How the Yamaha FM Synth Cassette Interface Works
Prior to the personal computer becoming the centrepiece of home music production, backing up and storing synthesiser patches was a non-trivial problem. Synth manufacturers experimented with various interesting methods over the years, however none of these has aged more poorly than digital cassette storage.
This article discusses the particular technical implementation of the data cassette interface used in Yamaha's FM synthesisers, and the historical context in which it was developed.
Background #
The years leading up to the DX7's groundbreaking 1983 release were a period of rapid, exciting innovation. The digital revolution had kicked into high gear, and technology was rapidly reshaping the world. The personal computer was on the verge of going mainstream, and the now ubiquitous 3.5"1 floppy disk was just beginning to appear in consumer devices. Electronic music production was about to take the world by storm, and the Ensoniq Mirage —which would bring affordable disk-based sampling to the masses— was only a year away2.
Despite the rapid pace technology was advancing, disk drives were still complicated, expensive devices.
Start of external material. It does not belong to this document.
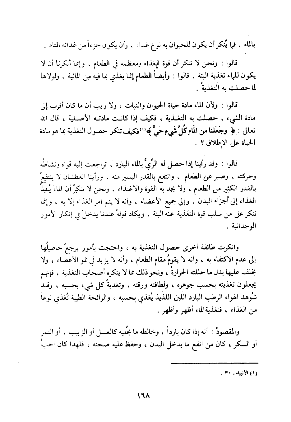 قَالُوا: وَلِأَنَّ الْمَاءَ مَادَّةُ حَيَاةِ الْحَيَوَانِ وَالنَّبَاتِ، وَلَا رَيْبَ أَنَّ مَا كَانَ أَقْرَبَ إِلَى مَادَّةِ الشَّيْءِ، حَصَلَتْ بِهِ التَّغْذِيَةُ، فَكَيْفَ إِذَا كَانَتْ مَادَّتَهُ الْأَصْلِيَّةَ، قَالَ اللَّهُ تَعَالَى: وَجَعَلْنا مِنَ الْماءِ كُلَّ شَيْءٍ حَيٍّ «1» فكيف تنكر حُصُولَ التَّغْذِيَةِ بِمَا هُوَ مَادَّةُ الْحَيَاةِ عَلَى الإطلاق؟.

Putting a disk drive into a synth required lots of extra circuitry, driving up costs and introducing new modes of failure. Considering this, it's not surprising that synth manufacturers opted for cheaper alternatives3.
Fortunately, the home computing world had already found a cheap and reliable solution for data storage: Compact audio cassette tape. It's unclear where exactly this innovation originated, but by the late-1970s the use of cassette interfaces in home computers had become commonplace; with the first IBM PC —released in 1981— featuring one. It shouldn't come as much of a surprise then, that as synthesisers started to become digital devices they would opt for the same solutions. Many of the flagship synths of the 80s' would feature cassette interfaces, such as the Oberheim OB-X, Sequential Circuits Prophet 5, and the Roland Jupiter 8.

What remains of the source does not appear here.